Peinture de Ludwig van Beethoven, né il y a 250 ans, à Bonn.
Peinture de Ludwig van Beethoven, né il y a 250 ans, à Bonn. | Photo (détail): © picture alliance/Ulrich Baumgarten

Les villes de Leipzig et Bonn avaient prévu de grands festivals de musique classique pour 2020. Pourtant, tout s’est arrêté avec l’apparition de la pandémie de coronavirus ; petits et grands temps forts musicaux ont dû migrer sur le web.

De Andreas Platthaus

Une relation toute particulière me lie au Canada : ma marraine a émigré là-bas avec sa famille et je me suis par conséquent rendu à plusieurs reprises dans l’État de l’Ontario où je me suis fait des amis. Certains d’entre eux, férus de musique, avaient prévu d’aller en Allemagne, à Leipzig, en juin prochain. Pourquoi Leipzig ? Parce qu’aucune autre ville allemande n’est aussi étroitement liée à l’histoire de la musique et que, au cours de l’histoire, plusieurs grands compositeurs ont œuvré là-bas. Même au plan international, seule Vienne est en mesure de la dépasser.
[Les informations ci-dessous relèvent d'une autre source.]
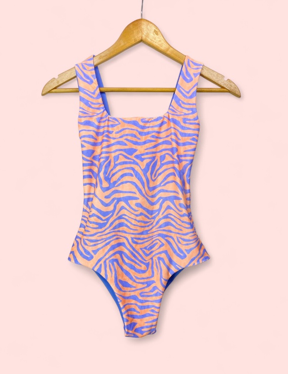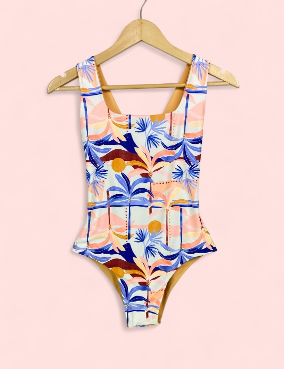 Corina One Piece de cobertura basica, corte en pierna semialto, de escote cuadrado al frente, de tira ancha y con abertura tipo corset en la espalda. Aplica para reversible.
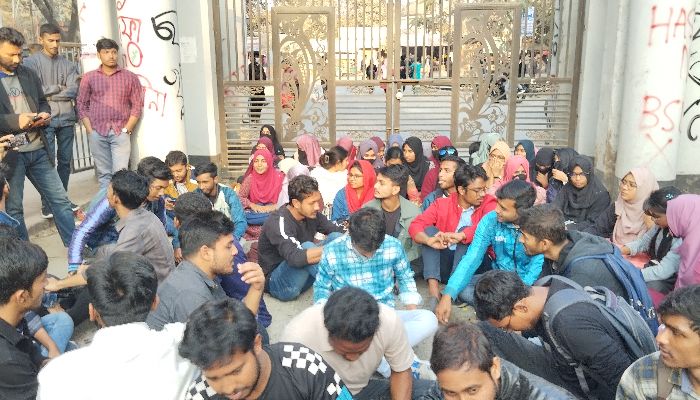 আজ (১৯ জানুয়ারি) বিকেল ৪টায় দ্বিতীয় দিনের মতো বিশ্ববিদ্যালয়ের প্রধান ফটকে তালা ঝুলিয়ে দেন বিভাগের শিক্ষার্থীরা।
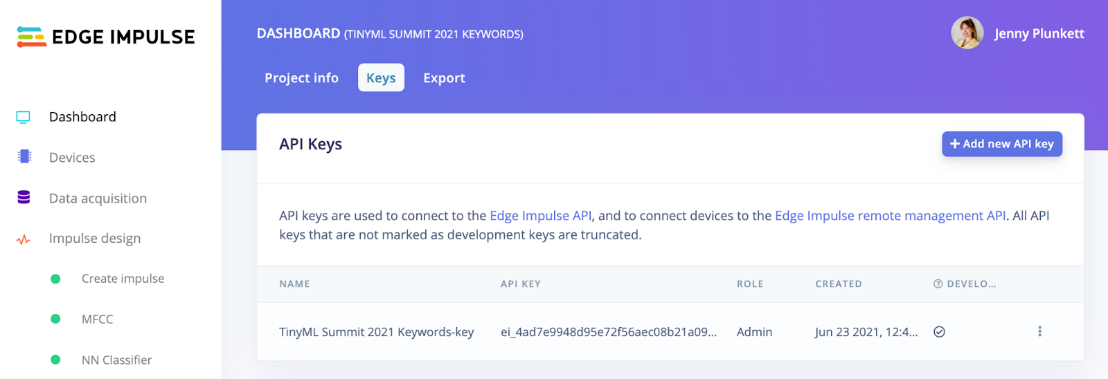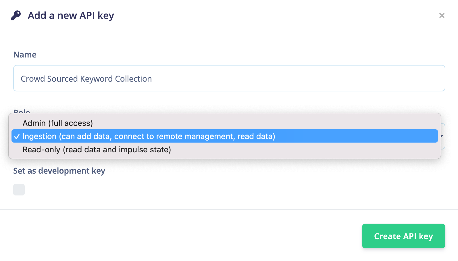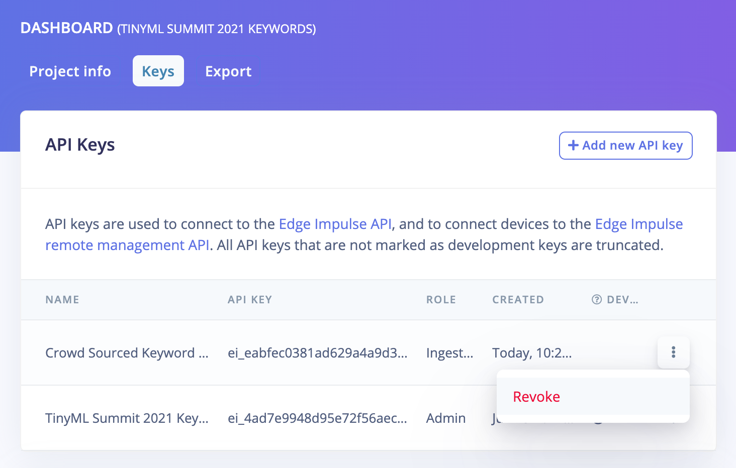 Then, create and copy a new Edge Impulse “Ingestion” API key for your project, which you’ll find under Dashboard > Keys > Add new API key > Role: Ingestion.
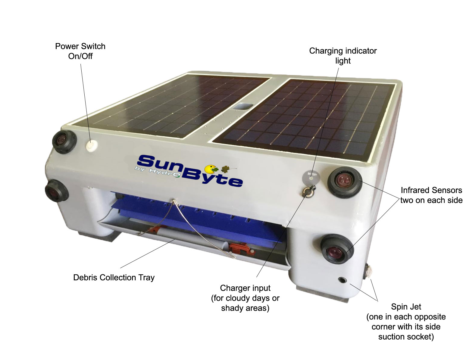 SunByte® is a robot who automatically cleans the water surface, without increasing the electric bill and with no maintenance costs. Provided with Solar Panels on the top, this robot is transforming the solar sunrays into electric energy. This way the robot receives energy while it works during the day and also charge his battery to keep it ready to start working in the next morning. SunByte® it accumulates excess electrical energy inside a rechargeable battery during the day, and with this extra energy, can easily start the work next day.
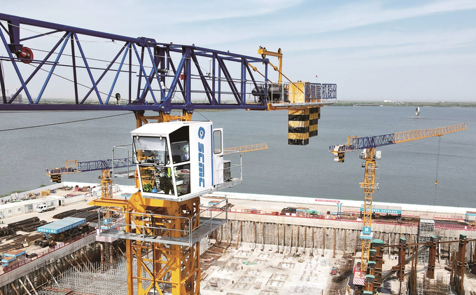 中建二局上海臨(lin) 港西島金融中心項目複工。
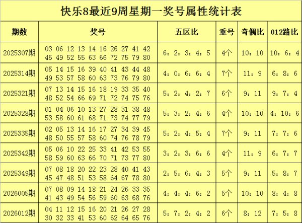福彩快乐8第2026018期开奖回顾:1112141518212223293233354041556569747578,其中奖号奇偶比为12:8,五区比为4:6:4:1:5,012路比为8:3:9,包含3个重号11、15、33。 福彩快乐8第2026012期(上周一)奖号回顾:0411121516202126272830323341536062646576,其中奖号奇偶比为8:12,五区比为5:7:2:4:2,012路比为7:5:8,包含6个重号21、26、33、41、60、......查看更多
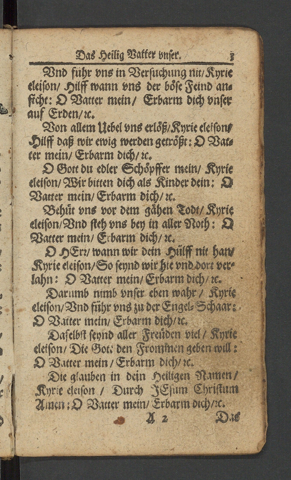 ^ Vnd führ vns in Versuchung nik/Kyrte^ eleison/ Hilff wann vns der böse Feind an«

De magnifiques célébrations en l’honneur de Bach et Beethoven

La contribution la plus importante de Leipzig à l’histoire de la musique est l’œuvre de Johann Sebastian Bach qui fut pendant 27 ans, de 1723 à sa mort en 1750, maître de chapelle du chœur de l’Église Saint-Thomas, le chœur le plus ancien du monde fondé en 1212. Cette activité professionnelle l’obligeant à créer régulièrement de nouvelles musiques pour les offices religieux, il devait composer d’arrache-pied. Le monde doit à cette période de création d’innombrables chefs-d’œuvre et, encore aujourd’hui, les garçons du chœur de Saint-Thomas chantent toutes les semaines à Leipzig les cantates de l’ancien maître de chapelle. Une fois par an, en juin, a lieu un grand festival en l’honneur de Bach, au cours duquel se produisent les plus grands interprètes de sa musique dans le monde. Il s’agit de la Bachfest. C’est précisément à cet événement que voulaient assister mes amis canadiens et je devais les retrouver là-bas afin de les guider dans la ville.

  • Une fois par an a lieu le Bachfest à Leipzig, un grand festival en l’honneur de Bach, au cours duquel se produisent les plus grands interprètes de sa musique dans le monde. Photo (détail): © Bachfest Leipzig/Gert Mothes
    Une fois par an a lieu le Bachfest à Leipzig, un grand festival en l’honneur de Bach, au cours duquel se produisent les plus grands interprètes de sa musique dans le monde.
  • De nombreux concerts ont lieu à la Thomaskirche, où Bach lui-même a travaillé de son vivant. Photo (détail): © Bachfest Leipzig/Gert Mothes
    De nombreux concerts ont lieu à la Thomaskirche, où Bach lui-même a travaillé de son vivant.
  • Johann Sebastian Bach fut pendant 27 ans, maître de chapelle du chœur de l’Église Saint-Thomas. Photo (détail): © Bachfest Leipzig/Jens Schlüter
    Johann Sebastian Bach fut pendant 27 ans, maître de chapelle du chœur de l’Église Saint-Thomas.
  • Le chœur de l’Église Saint-Thomas est le chœur le plus ancien du monde fondé en 1212. Photo (détail): © Thomanerchor Leipzig/Matthias Knoch
    Le chœur de l’Église Saint-Thomas est le chœur le plus ancien du monde fondé en 1212.
  • Le chœur est donc toujours présent au Festival Bach. Photo (détail): © Thomanerchor Leipzig/Matthias Knoch
    Le chœur est donc toujours présent au Festival Bach.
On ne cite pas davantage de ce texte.